Is there any way to minimise the cost of a lengthy, but often-used, prompt?

daweimau · March 8, 2024, 2:37am

We have a workflow which works well with chat completions:

Give the system instruction (1600 tokens, constant)
Give the user input (~300 tokens, variable)
Consume GPT response (~5 tokens, variable)

Since the instruction is always the same, we’d rather not pay full rate for all those tokens, if we can avoid it.

With the chat completions API, we don’t seem to have any way around it.

With the assistants API:

We can pre-load the instruction, but it seems to be billed at full rate within the context of the thread
We can load the instruction as a file to be retrieved. But (although the docs don’t seem to mention this), from testing, the retrieval actually counts as tokens, seemingly even more tokens than simple instructions.
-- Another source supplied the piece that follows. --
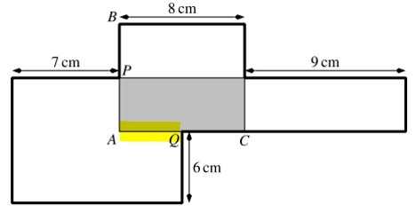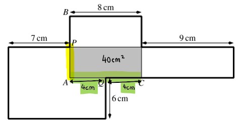Der Punkt P ist die Mitte von AB und der Punkt Q die Mitte von AC. Der schattierte Teil hat die Fläche 40 cm².

So is there any way we can be more efficient than repeating our instruction for every single request?

anon22939549 · March 8, 2024, 2:46am

Fine-tuning.

daweimau · March 8, 2024, 2:52am

Yes, some descriptions of fine-tuning seem to suggest it’s the answer.

However, all the fine-tuning documentation seems to describe providing datasets, being collections of examples of how the completion should respond to different inputs.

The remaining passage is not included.